What is special about the new computer from Atari is the way that it echoes the first emergence of the ST about eight years ago — when the Mac had been around for a couple of years, the ST looked like a very similar computer for a fraction of the price. Many Mac users looked at the ST and wondered why they had only 128Kbytes of RAM and a tiny screen in an expensive package. The Falcon does something similar — it leapfrogs the current Macs by adding a DSP chip and VGA-monitor-compatible screen modes. Note that the only way you can get a DSP in a Mac is to add a plug-in board, and the only other well-known computer which features a built-in DSP is the NeXT workstation, a machine designed for use in serious academic research institutions. The ability to use cheap PC Super VGA monitors is a bonus, but it is the DSP that offers the most interesting possibilities...

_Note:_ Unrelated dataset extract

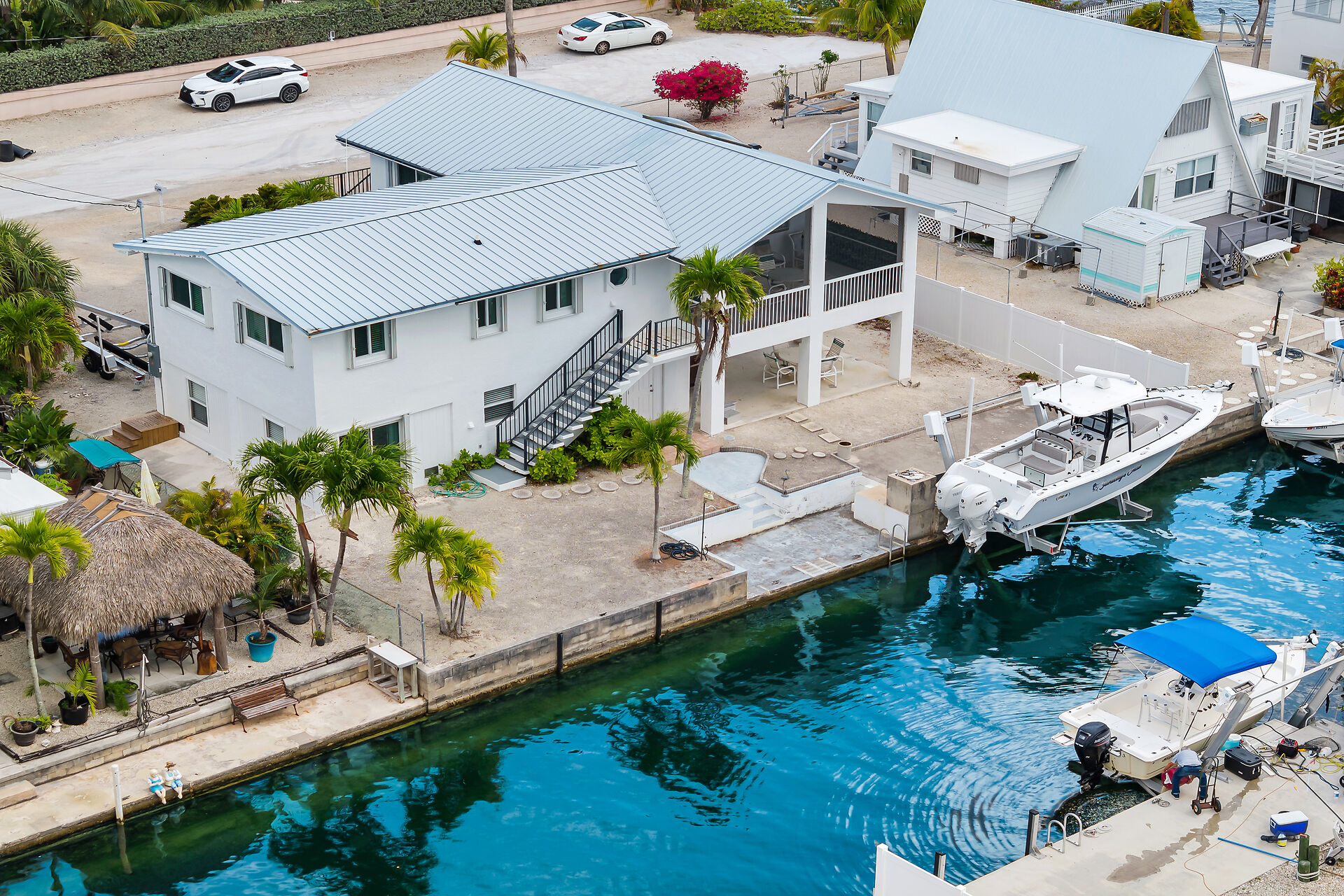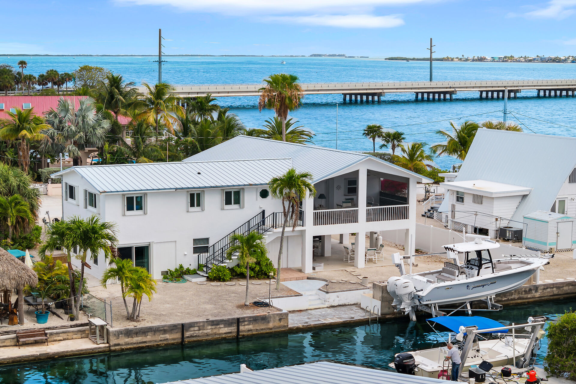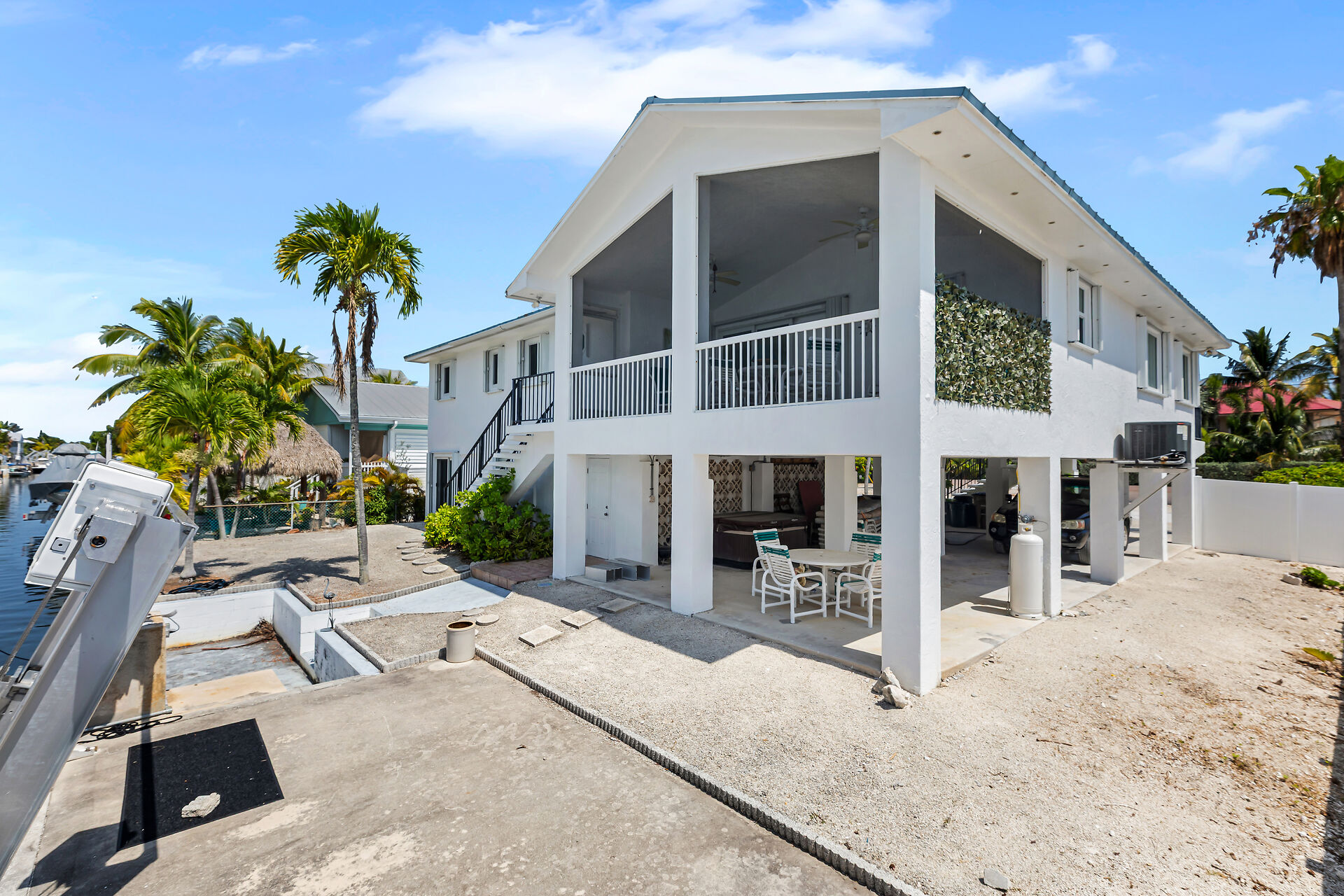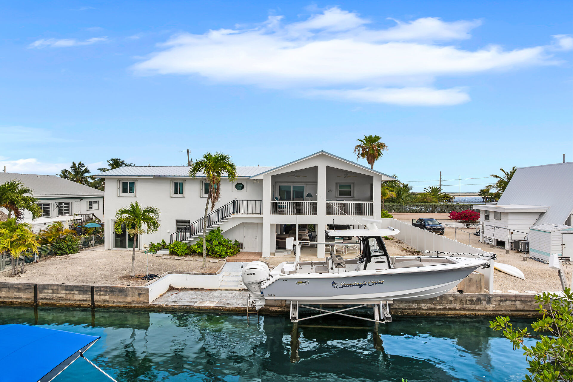 Just three homes in from Pine Channel, this elevated concrete home offers quick, easy access to open water. Enjoy peace of mind with Pre-FIRM status, impact windows/doors, and a 12,000-lb boat lift already hard-wired for convenience. The spacious, open layout flows into a chef-inspired kitchen with premium appliances, ample prep space, and storage galore. Elevator plans are in place, with room to add one later—ideal for aging in place or effortless grocery hauls. Inside and out, this well-maintained canal-front gem is designed for comfort, boating, and the best of Keys living.

DSP? Yet another computer acronym to learn, unfortunately. DSP stands for Digital Signal Processing, or Digital Signal Processor, which tells only part of the story. The Falcon's 56001 DSP chip is made by, surprise, surprise, Motorola, and it is specially designed for doing the sort of number-intensive calculations that really slow down an ordinary microprocessor. Chips like the 68030 are pretty good at moving information around: files from disk to memory; graphics blocks on the screen; and chunks of text in a window. But things are different when you need to do something more than just move things around — processing takes time, and the more sophisticated the operation, the longer it takes. Multiplying is a big problem, especially if you want to use more than 16 bits of precision. You can buy special maths co-processor chips, like the 68881 and 68882, but these are expensive and rather dumb. Co-processors just work out whatever you throw at them, and the main processor is still doing most of the hard work of interpreting the answers. In contrast, DSPs can take on whole problems and concentrate on producing an answer.

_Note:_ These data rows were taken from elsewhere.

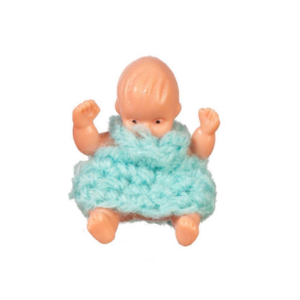 Dolls House Small Baby Doll Sitting In Blue Miniature People Nursery Accessory
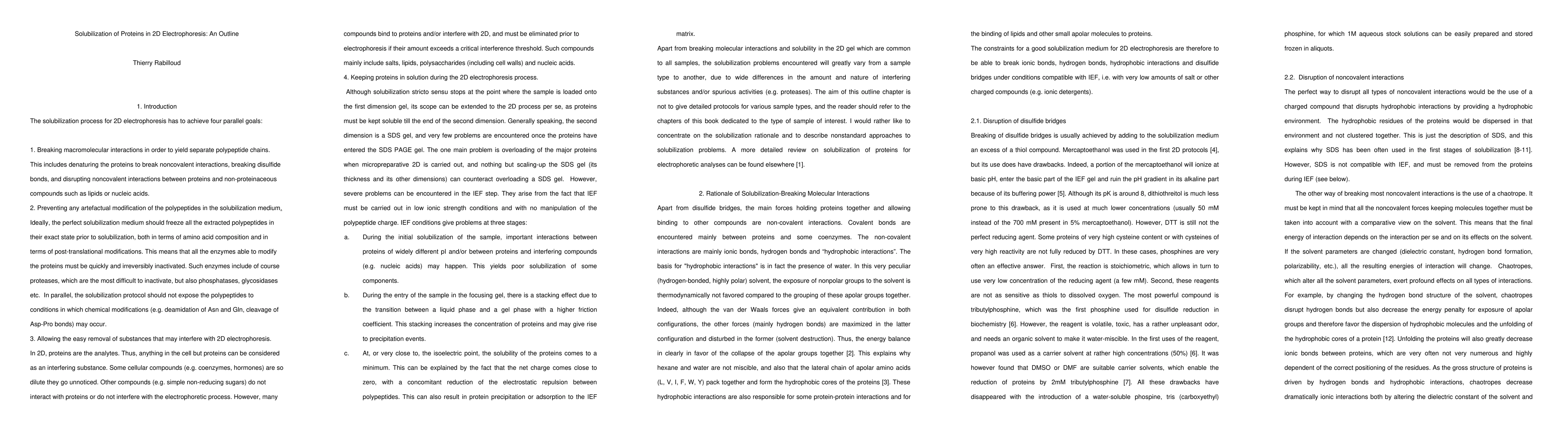 Protein solubilization for two-dimensional electrophoresis (2DE) has to break molecular interactions to separate the biological contents of the material of interest into isolated and intact polypeptides. This must be carried out in conditions compatible with the first dimension of 2DE, namely isoelectric focusing. In addition, the extraction process must enable easy removal of any nonprotein component interfering with the isoelectric focusing. The constraints brought in this process by the peculiar features of isoelectric focusing are discussed, as well as their consequences in terms of possible solutions and limits for the solubilization process.
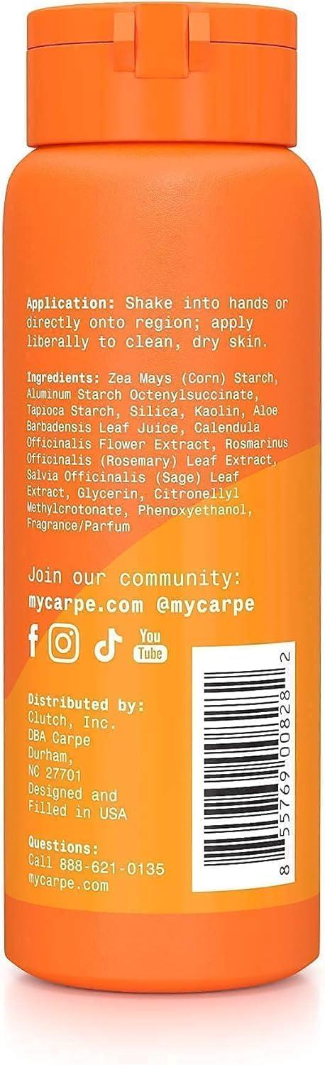 FUNK-FREE FRESHNESS: Carpe's feminine powder is designed to be safe for private parts, underboob sweat, and skin folds. Our super-fine body powder for women is designed to feel soft on the skin, prevent chafing, and absorb sweat.
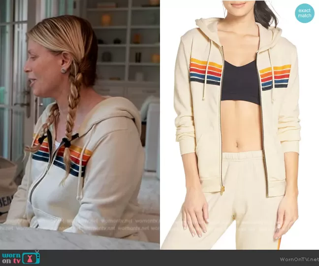 Jill Martin on Today on NBC was spotted wearing this rainbow stripe hoodie on Today on Oct 05 2023's episode. Jill's Sweater is the 5 Stripe Hoodie by Aviator Nation.

The 56001 is built for speed. It has a dedicated multiplier section which takes two 24-bit numbers and produces a 48, or sometimes a 56-bit result. Any bets as to where the name of the chip comes from? The multiplies happen fast because they are built in hardware, whereas most microprocessors do multiplication in software — they just keep adding repeatedly. Some things happen in parallel: the program and the data are kept separate, so that the chip does not need to spend time first getting some values, and then finding the instruction which tells it what to do with them. Instead, the instructions and the data are loaded at the same time. The two inputs to the multiplier are kept separate, too, which means that you can just push numbers into the multiplier two at a time, and wait for the answers to pop out at the other side. Despite all this complexity, programming a DSP is much like programming in assembler code, and there is a large amount of support material available for DSP programmers.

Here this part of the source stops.